Wellington Phoenix have suffered another heartbreaking, highscoring defeat to slip further from the A-League playoff hunt at Wollongong.
Twice rallying to level the scores, the NZ side finally conceded a late matchwinner to fall 3-2 to Melbourne City and slide seven points out of the top-six post-season reckoning.
"For the neutral, it would have been a great game, but we were on the wrong side of it again," laments Phoenix coach Ufuk Talay. "We created opportunities to score, they created opportunities to score as well and they capitalised with three goals, we only scored two.
"It's stuff that we work on on the paddock at training and it's disappointing to concede soft goals like that."
Melbourne took the initial lead, when Craig Noone swung a corner kick into the box and Curtis Good headed past Phoenix goalkeeper Oli Sail.

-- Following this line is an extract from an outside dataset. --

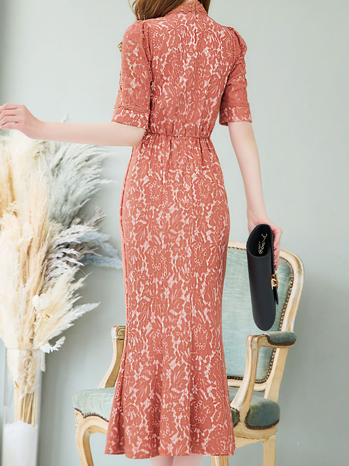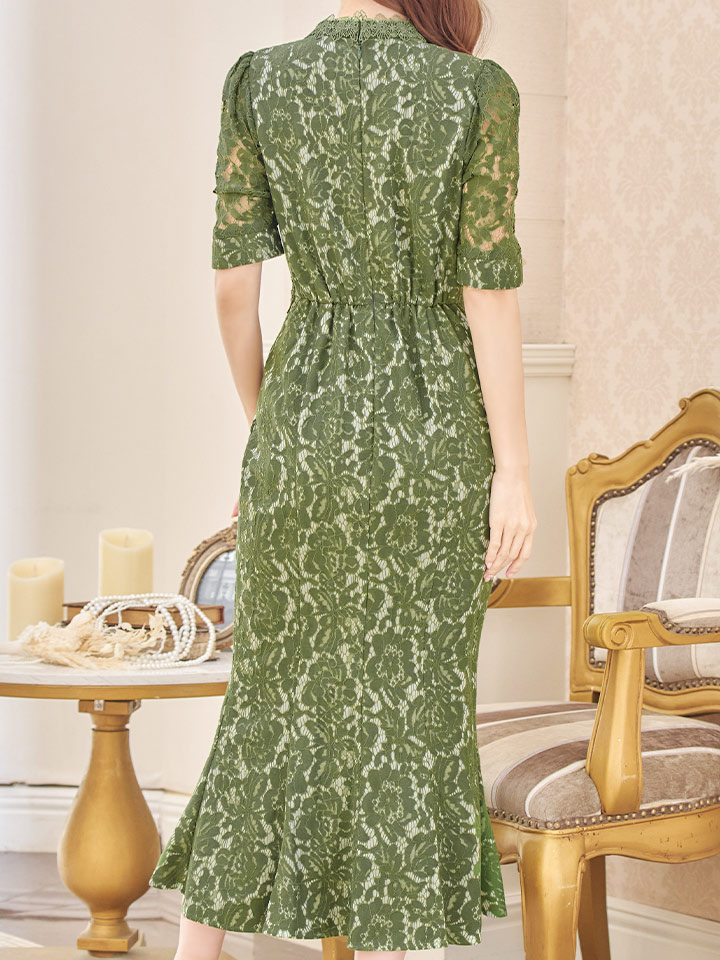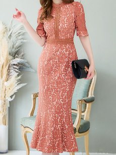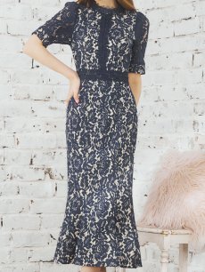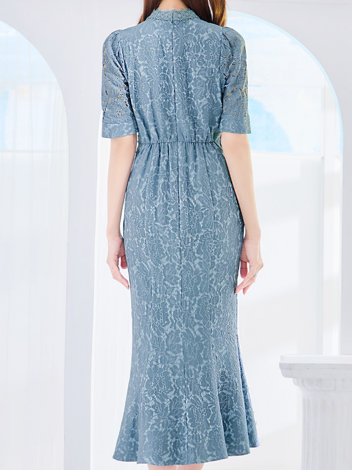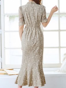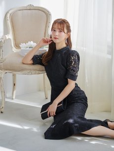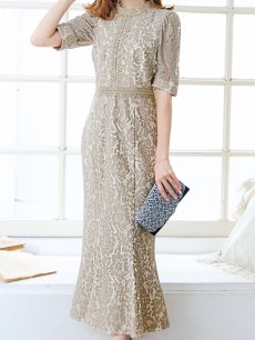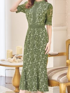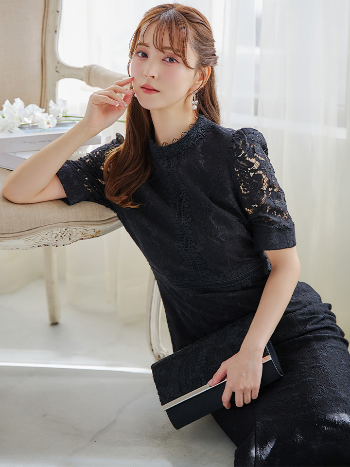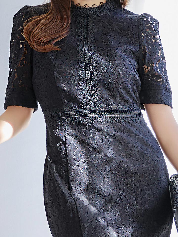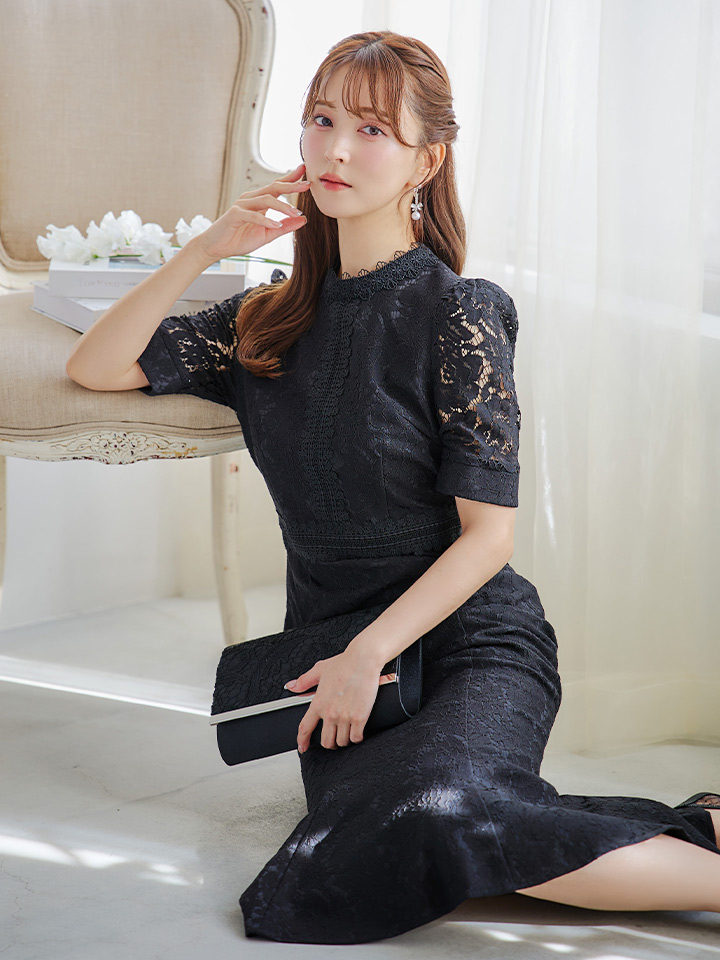 程よい透け感とやや首の詰まったデザインがクラシカルな総レースミモレ丈ドレス

Israeli Tomer Hemed responded for Wellington, when skipper Ulises Davila and David Ball created space down the left, with Ball finding his striker in the box to score the equaliser.
But as the first half wound down, City were ahead again, when Connor Metcalfe beat the defence and left-footed past Sail into the net.
Davila provided the second equaliser, curling a low left-footer past Melbourne goalie Tom Glover from outside the penalty box.
But in the 83rd minute, substitute Marco Tilio provided the gamewinner, latching onto Metcalfe's cross to head past Sail.
"We were trailling twice and we came back twice, which was great from the boys," says Talay. "They showed good spirits to get back into the game, but we conceded a third, when we could have dealt with the situation a lot better.
"For me, it was very disappointing. We needed three points tonight to stay close to the top six."
Last month, the Phoenix were on the wrong side of a similar shootout, losing 4-3 to Western Sydney Wanderers, after a last-gasp equaliser was ruled out for offside.
Despite surrendering three goals against City, Sail has drawn special - albeit reluctant - praise from his coach.
"I think Oli was our best player," says Talay. "That's not a good thing, when your goalkeeper is your best player, but he kept us in the game and that's what he's there for.
"Since we chucked him in, I think Oli's been playing some really good football."
Victory puts Melbourne City into second on the A-League ladder, two points behind leaders Central Coast, while the Phoenix are seven points clear of bottom-placed Melbourne Victory.
Next Sunday, the Wellingtonians' next outing pits them against Western United, who sit one spot and two points adrift of the top six.